▶ [Activity]:
Everything from the first line of the data through the line with "I thought it" is to be echoed exactly, minus the pictures.

▶ [Given data]:
::::

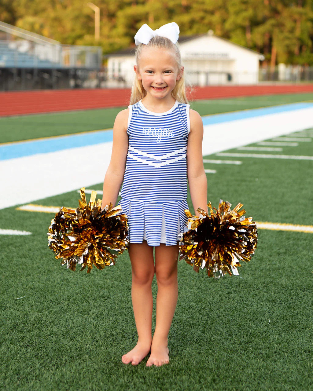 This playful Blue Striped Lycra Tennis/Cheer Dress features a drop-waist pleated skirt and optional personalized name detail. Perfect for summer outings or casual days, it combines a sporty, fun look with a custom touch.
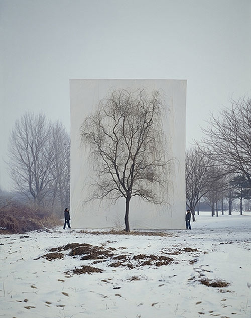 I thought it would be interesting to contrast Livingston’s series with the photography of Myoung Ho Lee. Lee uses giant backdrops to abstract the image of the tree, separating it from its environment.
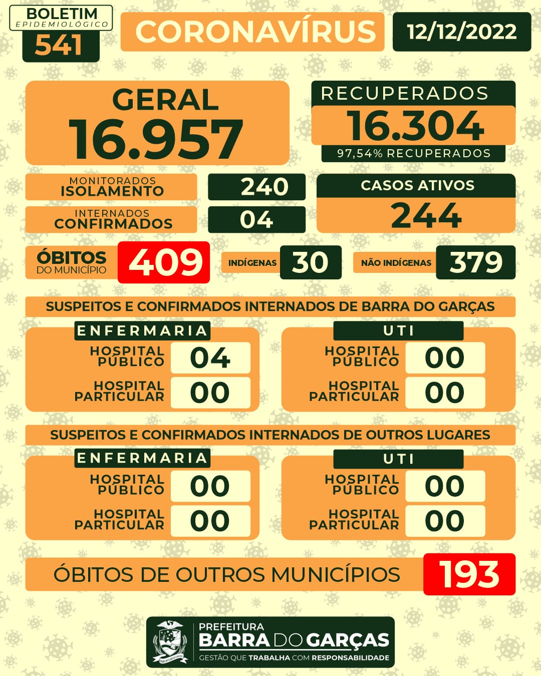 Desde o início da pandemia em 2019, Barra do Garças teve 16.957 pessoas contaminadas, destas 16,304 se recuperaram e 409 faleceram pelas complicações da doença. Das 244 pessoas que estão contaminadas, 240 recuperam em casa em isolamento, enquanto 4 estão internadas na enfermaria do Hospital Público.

::::

▶ [Response to the exercise]:
 This playful Blue Striped Lycra Tennis/Cheer Dress features a drop-waist pleated skirt and optional personalized name detail. Perfect for summer outings or casual days, it combines a sporty, fun look with a custom touch.
 I thought it would be interesting to contrast Livingston’s series with the photography of Myoung Ho Lee. Lee uses giant backdrops to abstract the image of the tree, separating it from its environment.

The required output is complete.